How to complete this task: For the data below, retype word for word the lines from the one containing "(中古)袋帯 銀 フォーマル 六通柄 山並み 菊 女郎花 竜胆 松 御簾垣" through the one containing "Emilie, Vintage Milgrain"; drop the pictures.

Information:
"""

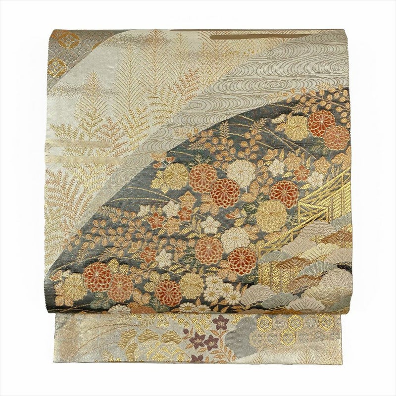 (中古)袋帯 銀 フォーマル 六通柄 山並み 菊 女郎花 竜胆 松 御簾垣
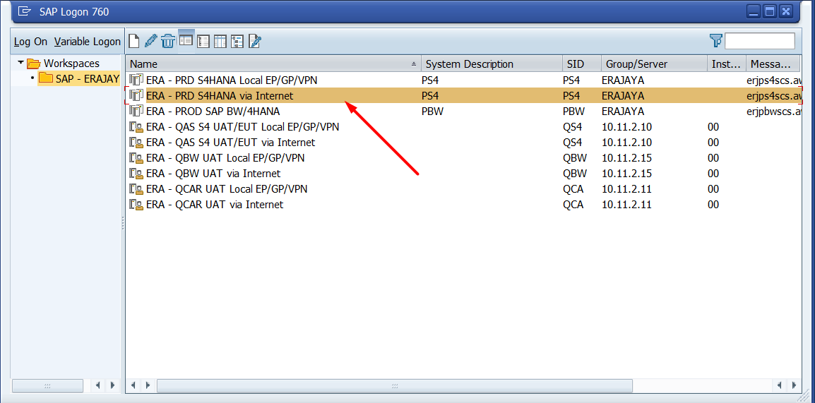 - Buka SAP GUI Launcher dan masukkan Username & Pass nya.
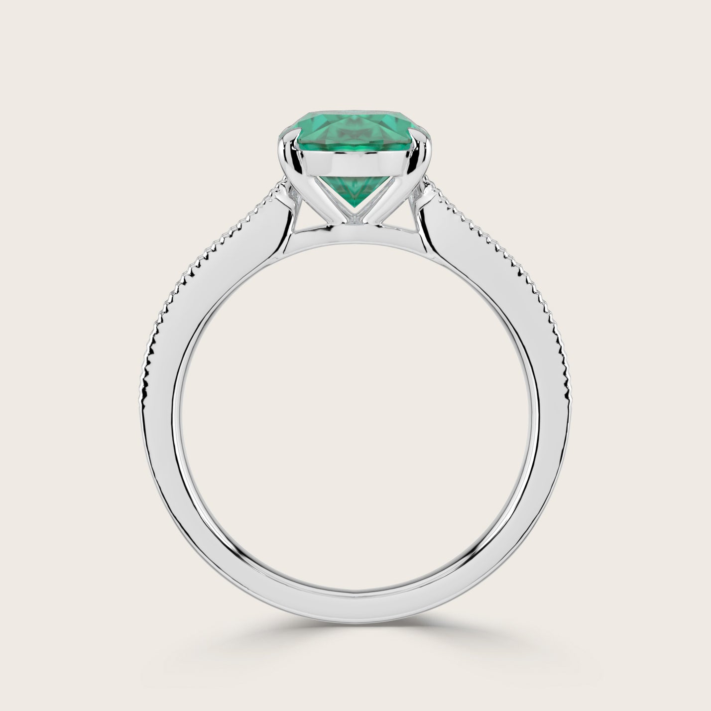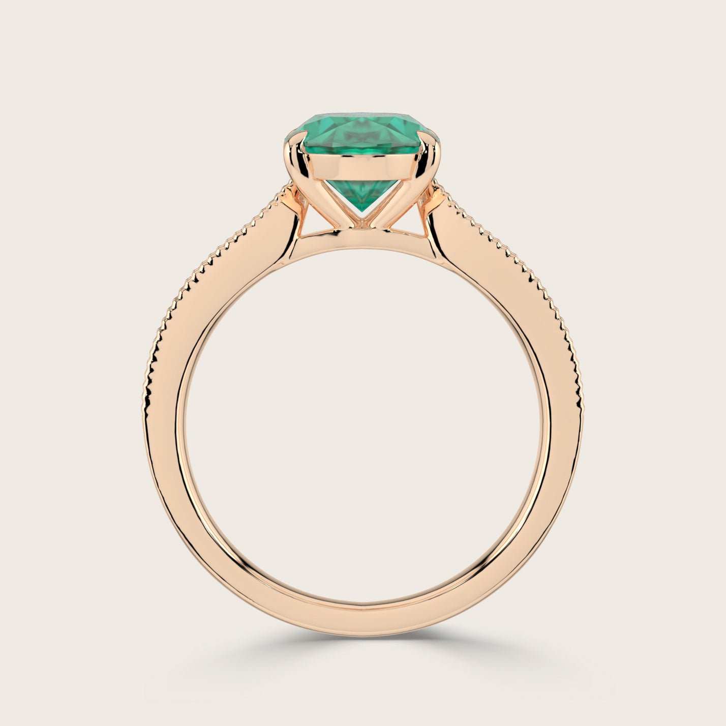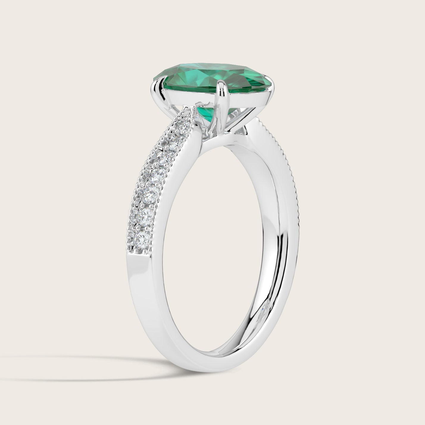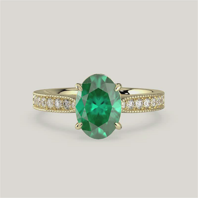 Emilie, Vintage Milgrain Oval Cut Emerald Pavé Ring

"""
"""

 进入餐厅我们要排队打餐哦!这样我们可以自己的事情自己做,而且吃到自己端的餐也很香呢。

"""
"""

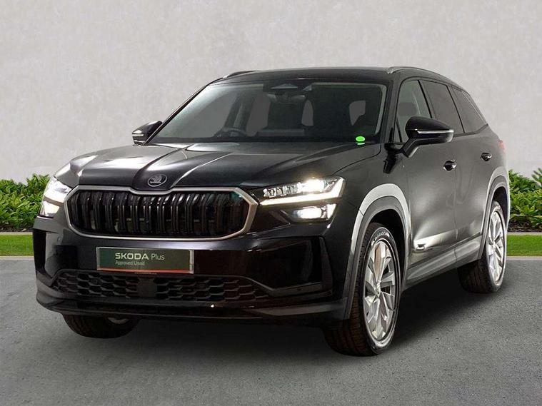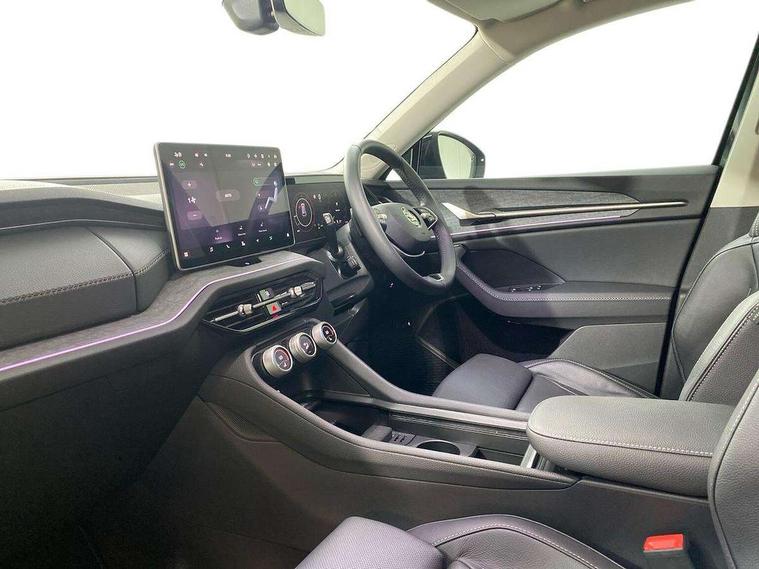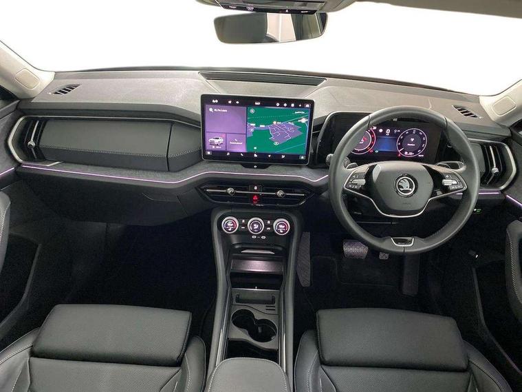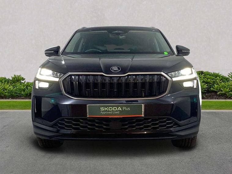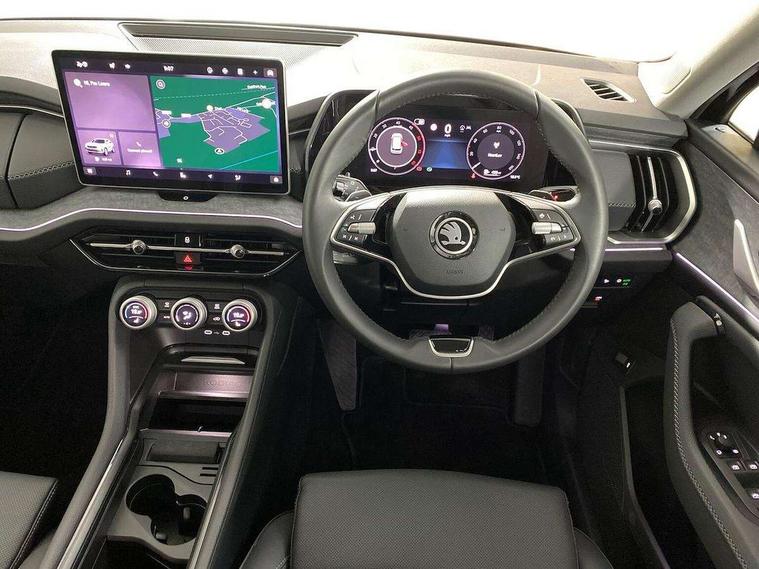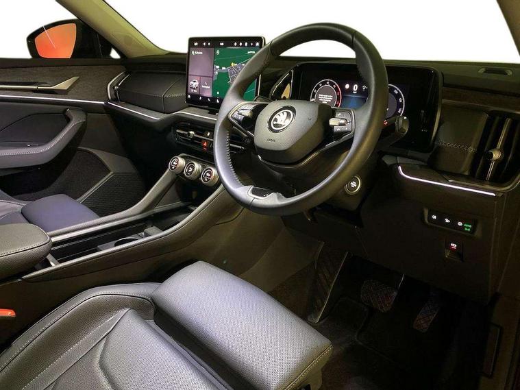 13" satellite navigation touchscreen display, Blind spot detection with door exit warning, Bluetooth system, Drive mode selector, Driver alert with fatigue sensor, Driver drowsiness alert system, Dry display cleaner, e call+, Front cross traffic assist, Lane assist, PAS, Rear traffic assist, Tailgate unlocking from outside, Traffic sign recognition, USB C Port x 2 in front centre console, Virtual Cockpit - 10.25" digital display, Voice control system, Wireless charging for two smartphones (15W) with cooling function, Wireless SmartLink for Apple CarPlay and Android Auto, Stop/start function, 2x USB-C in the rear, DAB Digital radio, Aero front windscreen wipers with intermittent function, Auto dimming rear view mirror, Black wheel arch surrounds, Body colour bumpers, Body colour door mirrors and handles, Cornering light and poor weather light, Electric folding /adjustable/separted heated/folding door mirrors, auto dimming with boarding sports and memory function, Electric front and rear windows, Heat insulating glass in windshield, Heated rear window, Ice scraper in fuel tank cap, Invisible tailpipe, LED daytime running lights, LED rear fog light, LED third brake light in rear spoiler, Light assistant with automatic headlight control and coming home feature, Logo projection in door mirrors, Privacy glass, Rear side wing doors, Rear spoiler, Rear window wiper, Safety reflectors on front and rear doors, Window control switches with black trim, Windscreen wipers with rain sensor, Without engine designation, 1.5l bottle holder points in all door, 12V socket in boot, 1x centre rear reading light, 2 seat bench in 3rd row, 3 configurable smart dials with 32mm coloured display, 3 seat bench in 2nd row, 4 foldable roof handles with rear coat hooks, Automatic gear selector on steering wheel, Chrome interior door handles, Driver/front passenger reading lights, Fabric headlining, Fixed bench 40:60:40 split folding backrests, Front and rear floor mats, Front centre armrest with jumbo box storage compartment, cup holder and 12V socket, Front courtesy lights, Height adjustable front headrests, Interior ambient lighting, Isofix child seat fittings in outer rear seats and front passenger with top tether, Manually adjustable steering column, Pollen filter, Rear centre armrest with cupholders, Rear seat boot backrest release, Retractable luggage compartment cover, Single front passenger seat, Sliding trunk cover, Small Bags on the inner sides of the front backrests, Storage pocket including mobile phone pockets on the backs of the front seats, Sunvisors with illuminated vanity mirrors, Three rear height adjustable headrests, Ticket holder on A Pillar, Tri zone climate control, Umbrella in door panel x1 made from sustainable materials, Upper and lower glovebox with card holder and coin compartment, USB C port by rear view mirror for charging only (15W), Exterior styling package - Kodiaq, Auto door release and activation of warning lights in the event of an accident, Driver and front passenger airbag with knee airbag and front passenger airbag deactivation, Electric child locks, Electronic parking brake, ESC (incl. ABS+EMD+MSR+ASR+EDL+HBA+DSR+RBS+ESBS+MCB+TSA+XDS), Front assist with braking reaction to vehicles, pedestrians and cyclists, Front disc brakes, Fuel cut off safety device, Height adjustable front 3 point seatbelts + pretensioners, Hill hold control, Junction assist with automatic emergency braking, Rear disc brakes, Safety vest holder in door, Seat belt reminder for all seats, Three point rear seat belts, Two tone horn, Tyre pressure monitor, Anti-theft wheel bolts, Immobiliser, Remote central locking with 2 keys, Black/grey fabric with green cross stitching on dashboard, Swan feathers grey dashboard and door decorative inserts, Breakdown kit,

"""

Written reply:
 (中古)袋帯 銀 フォーマル 六通柄 山並み 菊 女郎花 竜胆 松 御簾垣
 - Buka SAP GUI Launcher dan masukkan Username & Pass nya.
 Emilie, Vintage Milgrain Oval Cut Emerald Pavé Ring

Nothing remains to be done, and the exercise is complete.